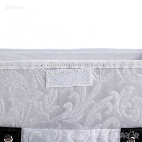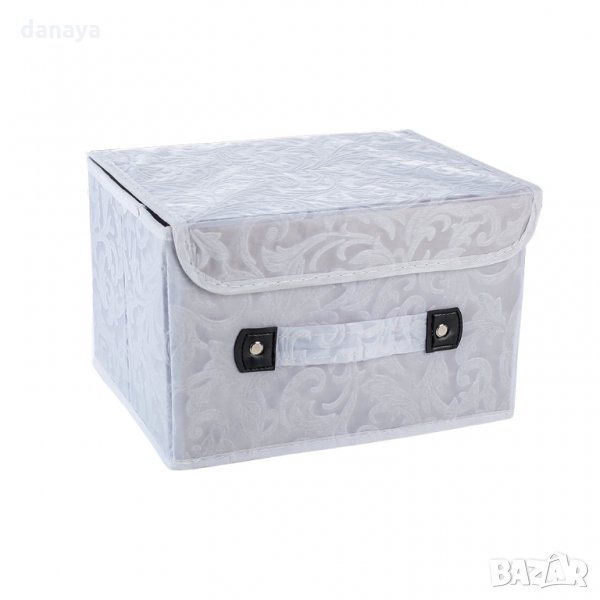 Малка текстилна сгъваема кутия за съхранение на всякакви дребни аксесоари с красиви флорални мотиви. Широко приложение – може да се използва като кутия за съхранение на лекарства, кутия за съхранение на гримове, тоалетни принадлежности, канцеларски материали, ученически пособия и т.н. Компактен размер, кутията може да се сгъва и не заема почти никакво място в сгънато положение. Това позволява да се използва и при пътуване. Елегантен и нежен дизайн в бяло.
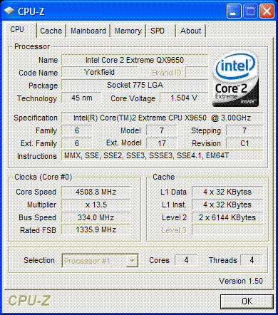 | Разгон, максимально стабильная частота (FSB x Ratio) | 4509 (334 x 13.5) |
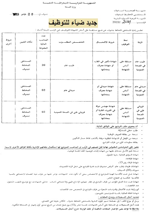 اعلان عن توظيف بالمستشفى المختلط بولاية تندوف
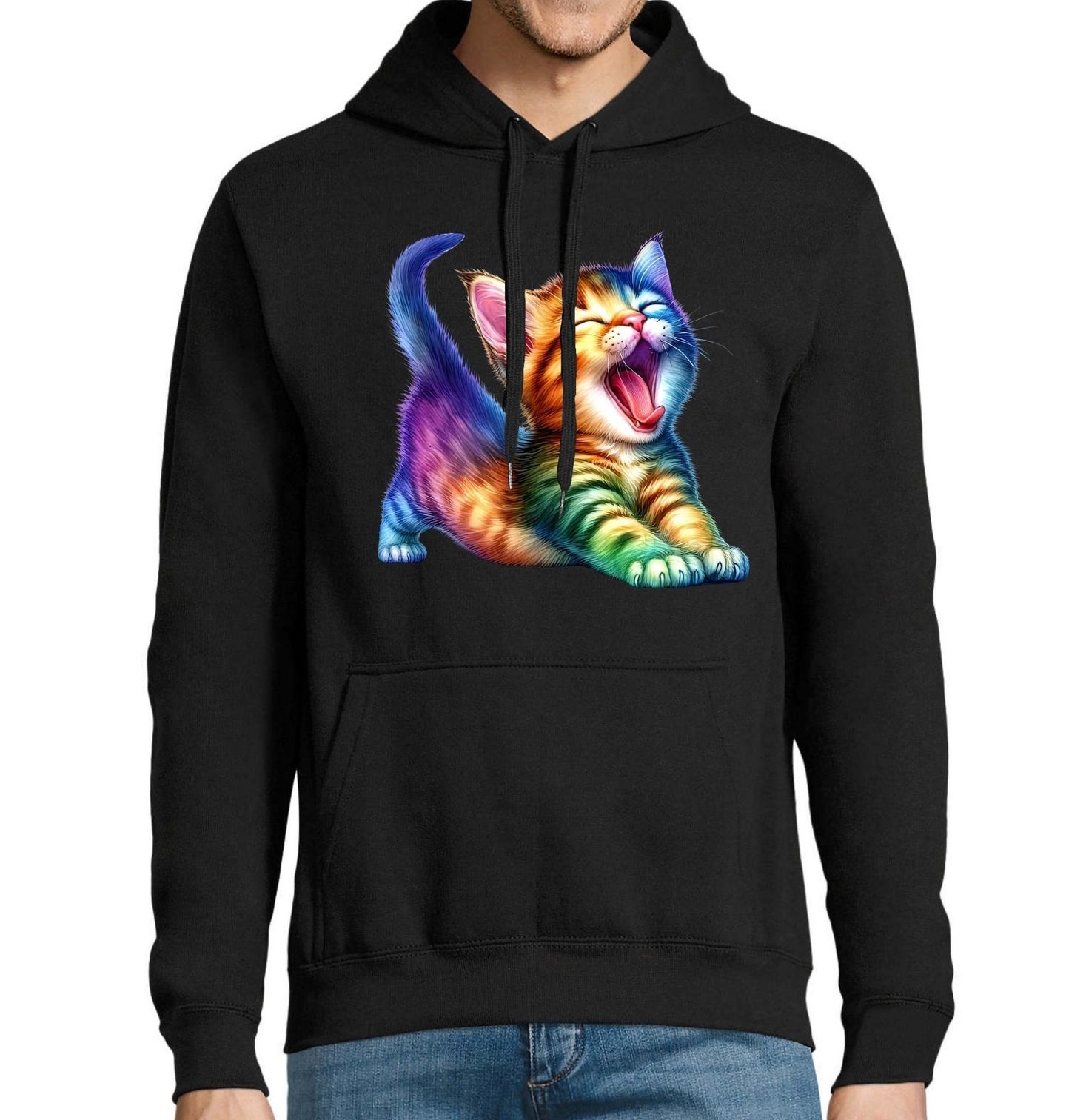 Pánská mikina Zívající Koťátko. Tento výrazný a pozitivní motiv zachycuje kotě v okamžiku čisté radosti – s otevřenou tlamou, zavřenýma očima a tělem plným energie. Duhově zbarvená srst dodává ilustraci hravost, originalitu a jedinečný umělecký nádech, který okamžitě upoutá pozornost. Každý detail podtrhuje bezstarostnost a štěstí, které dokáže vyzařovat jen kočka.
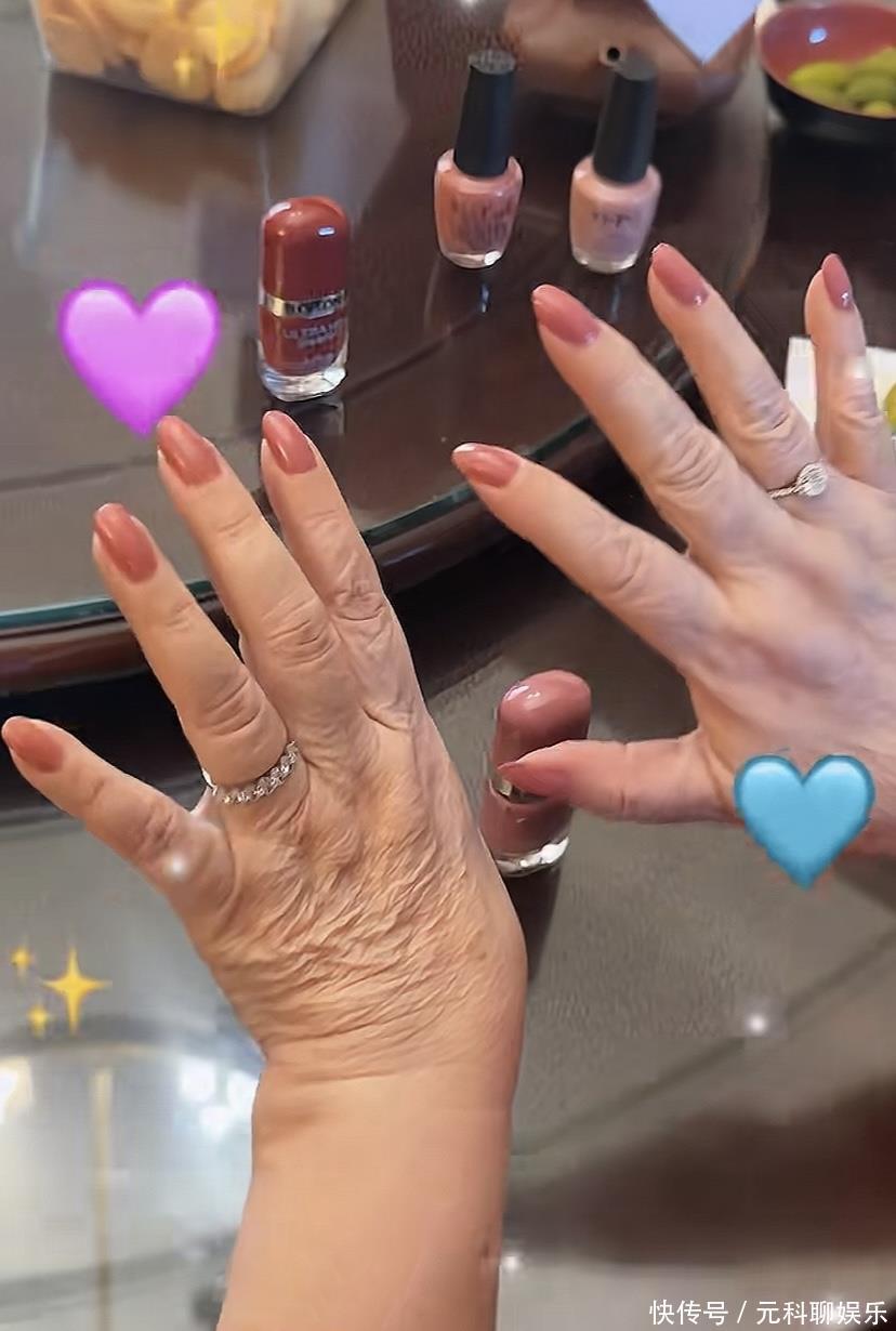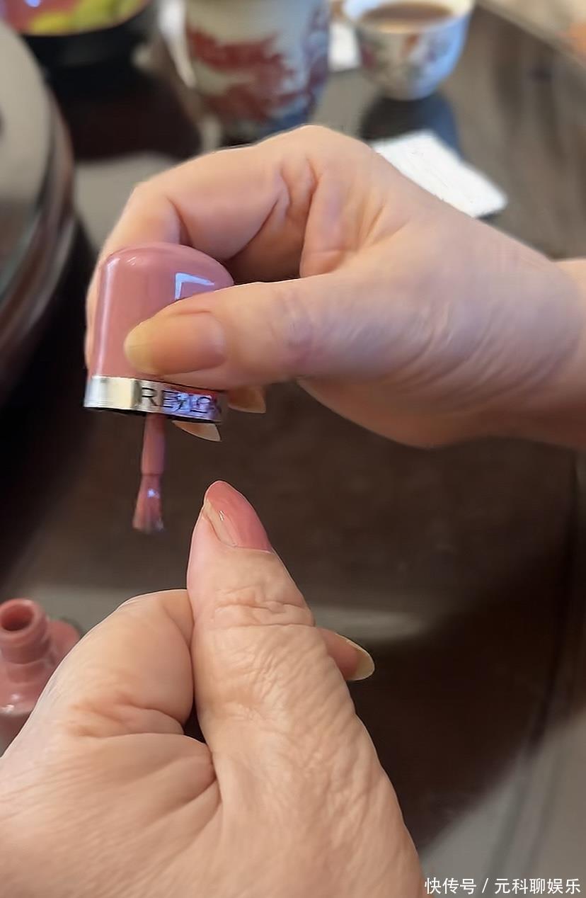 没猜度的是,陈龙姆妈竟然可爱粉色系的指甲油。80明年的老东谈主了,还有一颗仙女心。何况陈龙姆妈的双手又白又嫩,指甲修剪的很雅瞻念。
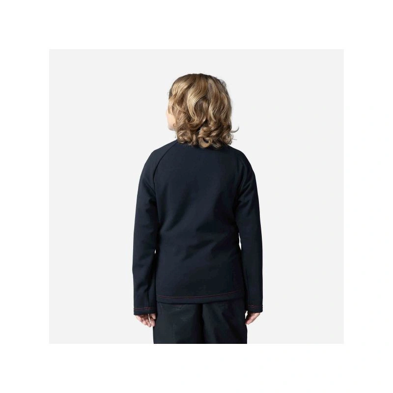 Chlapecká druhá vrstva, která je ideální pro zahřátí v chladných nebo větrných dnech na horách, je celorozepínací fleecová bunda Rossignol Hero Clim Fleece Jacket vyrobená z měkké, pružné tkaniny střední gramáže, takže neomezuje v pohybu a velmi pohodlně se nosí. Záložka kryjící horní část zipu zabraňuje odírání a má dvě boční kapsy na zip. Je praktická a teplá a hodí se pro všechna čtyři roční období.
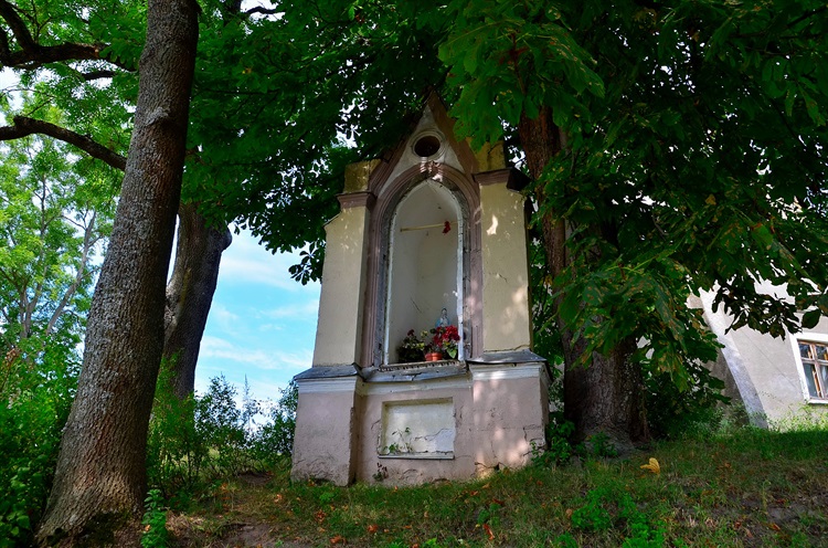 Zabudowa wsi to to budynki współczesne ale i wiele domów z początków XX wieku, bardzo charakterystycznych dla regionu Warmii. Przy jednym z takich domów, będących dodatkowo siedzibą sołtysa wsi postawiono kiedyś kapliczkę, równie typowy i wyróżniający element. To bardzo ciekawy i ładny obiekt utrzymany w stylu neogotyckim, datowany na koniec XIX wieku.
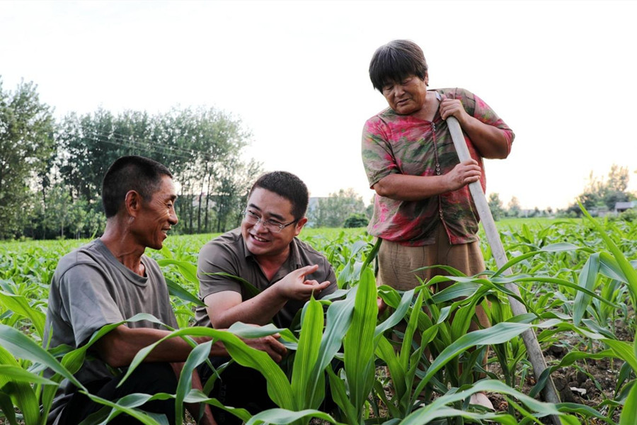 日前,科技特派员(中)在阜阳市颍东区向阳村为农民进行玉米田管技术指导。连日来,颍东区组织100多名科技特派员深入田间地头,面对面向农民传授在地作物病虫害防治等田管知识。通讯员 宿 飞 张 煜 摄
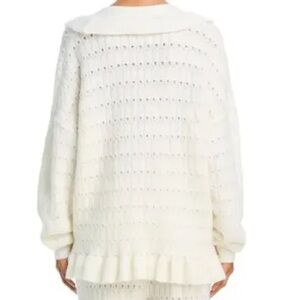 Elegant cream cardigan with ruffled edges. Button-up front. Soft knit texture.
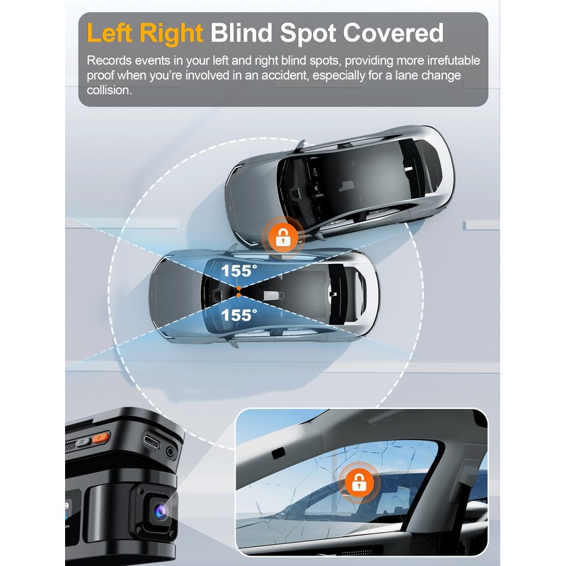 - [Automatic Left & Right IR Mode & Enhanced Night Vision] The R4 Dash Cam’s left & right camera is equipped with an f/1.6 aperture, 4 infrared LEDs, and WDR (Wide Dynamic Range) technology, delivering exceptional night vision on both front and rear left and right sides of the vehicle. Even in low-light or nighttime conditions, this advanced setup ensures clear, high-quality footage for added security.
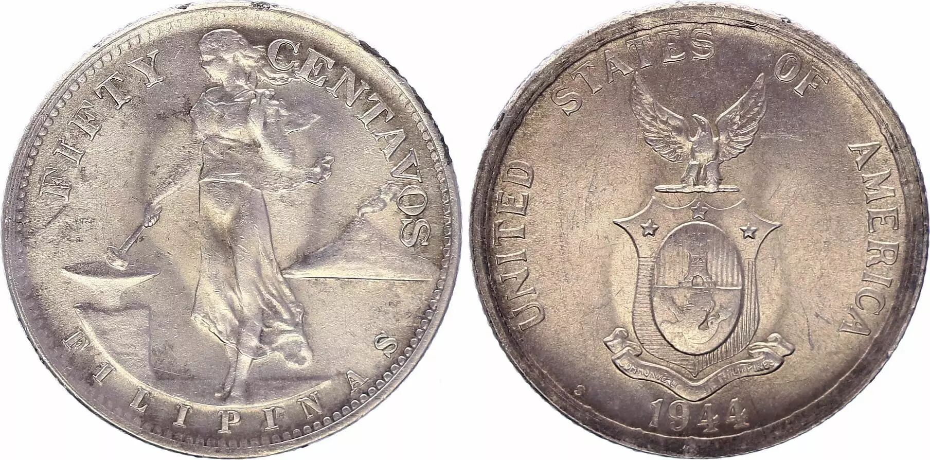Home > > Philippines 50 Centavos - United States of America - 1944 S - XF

•••••

**TASK REQUIREMENTS:** Omit the pictures and retype exactly the lines from the one containing "Elegant cream cardigan" through the end of the entries above.

**EXERCISE ANSWER:**
 Elegant cream cardigan with ruffled edges. Button-up front. Soft knit texture.
 - [Automatic Left & Right IR Mode & Enhanced Night Vision] The R4 Dash Cam’s left & right camera is equipped with an f/1.6 aperture, 4 infrared LEDs, and WDR (Wide Dynamic Range) technology, delivering exceptional night vision on both front and rear left and right sides of the vehicle. Even in low-light or nighttime conditions, this advanced setup ensures clear, high-quality footage for added security.
Home > > Philippines 50 Centavos - United States of America - 1944 S - XF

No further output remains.